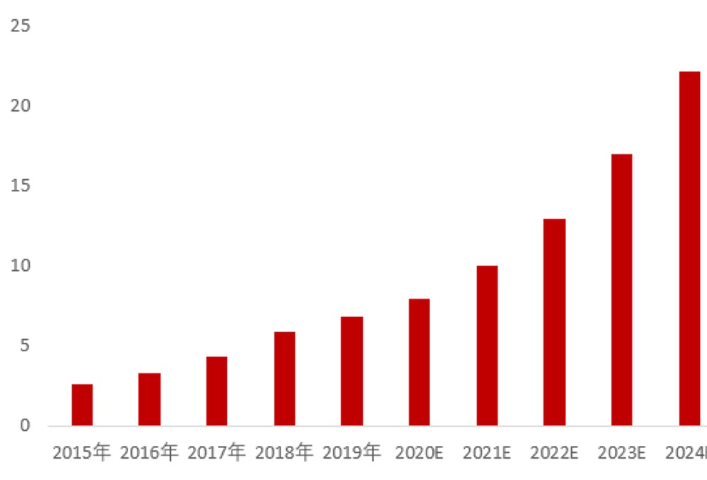 中國CRO服務(wu)市場占全球市場的(de)比重(zhong)變化近乎翻(fan)倍增長(chang),主要由于中國CRO服務(wu)市場受益于較大的(de)患者基數和人口基數、廣泛的(de)疾病譜、較低的(de)試驗成本等因素。預計未來整體比重(zhong)仍將(jiang)快速增長(chang)。
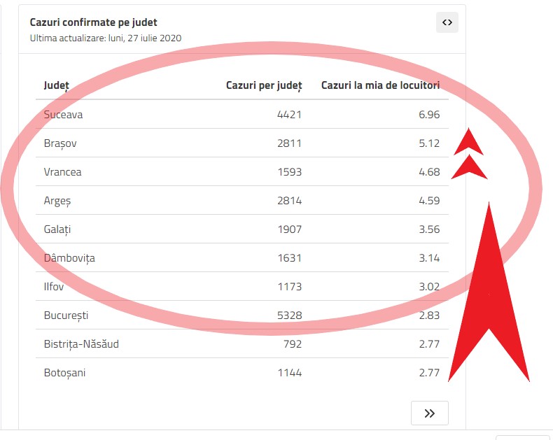 De departe se distinge, negativ, județul Dâmbovița (131 de cazuri noi într-o singură zi). Spre comparație, sunt mai multe cazuri într-o singură zi, în DB, față de câte au fost înregistrate într-o lună întreagă, în perioada de stare de urgență. DB se situaeză pe locul 2 pe țară (clasament aferent zilei de 27 iulie) la numărul de cazuri noi, după București (167 de cazuri). Peste 100 de cazuri au fost înregistrate, în ultimele ore, și în județele AG,BV și PH. Conform datelor, județele DB și IF au trecut de pragul de 3/1000 (cazuri la mia de locuitori), intrând în așa numită zonă roșie a infectării cu coronavirus.
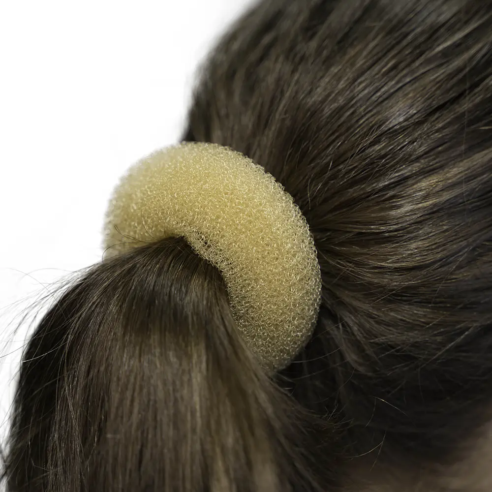 Hilfsmittel zum Formen einer perfekten Frisur, Hair-Donut in Größe S. Es ist wiederverwendbar. In der Packung ist ein Stück enthalten. Es kann von Hand mit einem milden Reinigungsmittel gewaschen werden, anschließend lässt man es frei trocknen. Material – Nylon. Sein Durchmesser beträgt etwa 5.5 cm.
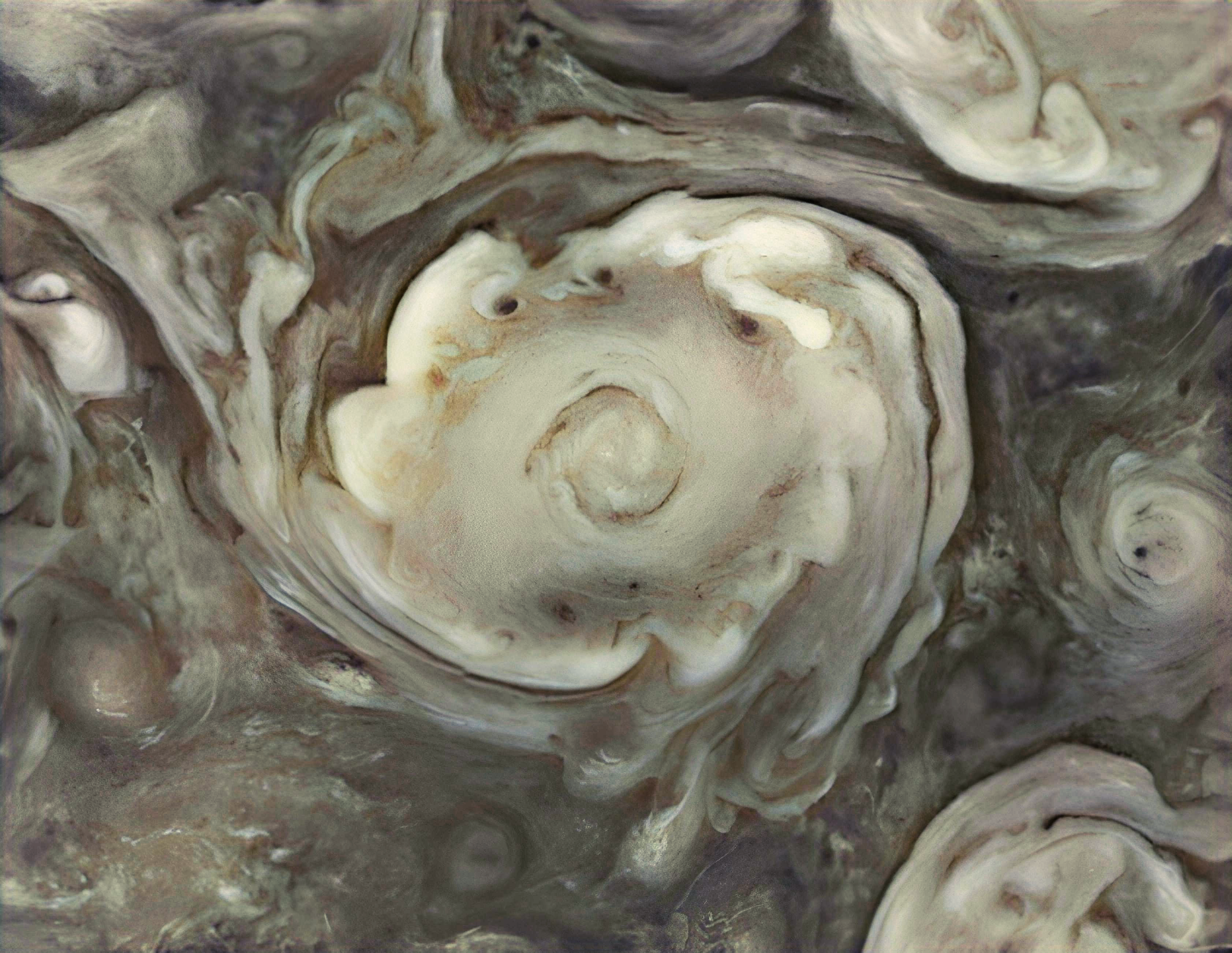 The highly exaggerated and enhanced image of a circumpolar cyclone captured by Junocam on its 43rd Perijove on July 5th, 2022. Note that the colors in the image are not representative of the actual colors.

*WHAT THIS TASK INVOLVES:* Write out an exact copy of the lines beginning at the line that contains "Hilfsmittel zum Formen" and ending at the last line of the listing. Exclude pictures.

*REPLY:*
 Hilfsmittel zum Formen einer perfekten Frisur, Hair-Donut in Größe S. Es ist wiederverwendbar. In der Packung ist ein Stück enthalten. Es kann von Hand mit einem milden Reinigungsmittel gewaschen werden, anschließend lässt man es frei trocknen. Material – Nylon. Sein Durchmesser beträgt etwa 5.5 cm.
 The highly exaggerated and enhanced image of a circumpolar cyclone captured by Junocam on its 43rd Perijove on July 5th, 2022. Note that the colors in the image are not representative of the actual colors.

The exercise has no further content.